As I write this entry, there is a couple here looking at our van to decide if they want to buy it or not. Our God van. The miracle car He provided for us. We have had a lot of trouble with this van, but even so, we really love it and have loved having it for the last few months. I hope whoever buys it will love it as much as we do.
As I wrote previously, one of the reasons that we are leaving missions is our continual struggle with our support. I know this is not an uncommon struggle for missionaries, but after 11 years, it starts to wear on you. Even right now, our support is low and we are struggling. In this time when we need to have the extra funds necessary to make an international move, we just don’t. Again, we continue in this life of faith, trusting that God is going to provide what we need for TODAY (food, money for bills, etc…) but also that He is going to provide what we need for TOMORROW (airfare, shipping, etc…). This financial frustration is an old one. To be very honest, I am over it. But I’m not over trusting God. That is what keeps my sanity somewhat in tact.
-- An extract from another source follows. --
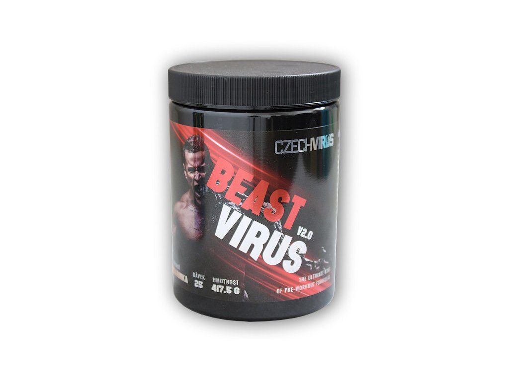 Beast Virus® V2.0. je horkou novinkou z dílny nejoriginálnější české značky Czech Virus®. Původní Beast Virus pravděpodobně není potřeba ani představovat, tento produkt způsobil naprosto bez debat revoluci v kategorii před tréninkovek a udával trendy ostatním značkám, které Beast velmi rády napodobovaly. Doba jde však stále kupředu a proto jsme se po 5-ti letech rozhodli naši originální recepturu inovovat a přinést na český trh zpět krále českých před tréninkovek. Nic jsme neubírali, pouze jsme přidali 4 nové látky = 13 aktivních látek celkem!

There is a stirring in my heart as I anticipate all of the exciting things that lie ahead for me, and for my family in the coming months and years. Old friendships to re-kindle; new friendships to grow; as-yet-unknown friendships to make; time with my parents and my sister and her family; holidays together with these loved ones; life celebrations; SO MANY THINGS.
So, with all these random thoughts occupying my mind today, the biggest one is this thought of the unopened gift that is our future.